CMS proposes reducing DRG payments for patients who go to home care. Hospitals Fighting the Expansion Experts hope the effects from any possible DRG expansion will remain limited. Many of the 223 DRGs wouldn't apply to patients who are appropriate for home care anyway, points out Alex Cacas with Peterschmidt & Associates in Albuquerque, NM.
Home health agencies trying to secure hospital referrals may have even more challenges this fall if a hospital payment proposal flies.
The Centers for Medicare and Medicaid Services wants to expand hospitals' post-acute transfer policy in a big way. That's the policy that pays hospitals a per diem amount, rather than the whole diagnosis related group payment, if a patient receives home care services within three days of hospital discharge. The rule aims to keep hospitals from discharging patients too quickly and pocketing the profits.
Currently, the post-acute transfer policy applies to 30 DRGs. But in the fiscal year 2006 hospital inpatient PPS proposed rule, CMS says it wants to adjust the transfer policy criteria and increase the 30 DRGs affected to 223. The other 284 active DRGs either have very short lengths of stay anyway or have very few short-stay cases, CMS says in the proposed rule in the May 4 Federal Register.
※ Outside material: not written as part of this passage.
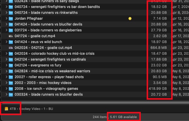 Nerd Alert: After copying for several days, all of my GoPro hockey videos just BARELY fit on a 4TB hard drive! One more game video, and all of them wouldn’t have fit. Now, I’m ready for a new season of hockey with my computer’s hard drive empty of hockey videos, ready to go!

And to add to hospitals' discharge worries, CMS told the HHS Office of Inspector General in an April report that it would monitor hospitals with a high number of claims adjusted due to early post-acute discharge. The OIG found that in 2001 and 2002, 381 of 400 claims sampled did not comply with transfer policy coding, and CMS has put in place automatic edits to catch the errors.
The drastic expansion of the DRGs subject to the post-acute transfer policy could have a big impact on home care providers and hospitals, predicts consultant Tom Boyd with Rohnert Park, CA-based Boyd & Nicholas. Hospital discharge planners may keep a closer eye on patients and check back to confirm that the patients have not sought post-acute care, Boyd says.
The trend of hospitals shedding their home health agencies may end too, if hospitals want to continue to discharge patients early but keep reimbursement in-house by directing patients to the hospital's own HHA, Boyd forecasts.